5. Miss Georgia Participant, 2016
Katherine McCauley Cordle, who participated in the Miss Georgia pageant in 2016, wrote that altering the fitness portion of the program would’ve been a better solution than dropping it altogether.
“Changing the fitness competition would have been more appropriate than dropping it,” she wrote. “It isn’t suddenly less important to be fit now.”
“Every year I competed I could look around and easily see I was never the thinnest, tallest, or most fit girl on the stage,” she added. “That being said, in the moments when I was in the spot light, I sure did feel like the most beautiful girl in the world. I felt powerful. Invincible. I’m sad to hear the swimsuit portion of the Miss America Pageant has been dropped and the fate of the evening gown is still unclear.”
6. Miss Red Rose City 2018
Jenna Martorana, Miss Red Rose City 2018, said she was relieved the swimsuit portion of the competition was gone from Miss America, but was still anxious about it being a part of Miss Pennsylvania, which she is competing in this year.
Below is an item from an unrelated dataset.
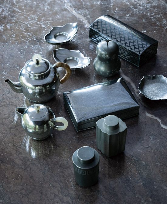 ひと目見た瞬間に心惹かれた翡翠玉が付いた急須や茶入れ。京都の清課堂の煎茶道具や錫製のアンティークは、惜しげもなく普段使いに。インド生まれのボックスには頻繁に使用するカトラリーを入れ、食卓の横にいつも置いている。

“Yes we are told constantly to not compare ourselves to the other contestants but personally I don’t know how to considering that’s what the judges are going to be doing,” Martorana wrote. “I may be a size 2 but with the size 2 comes 4 feet 10 inches of curves! I’ve got a booty and thighs and a chest and I’m okay with that but compared to the girls who are the same size and much taller/thinner I felt like I couldn’t compare to that.”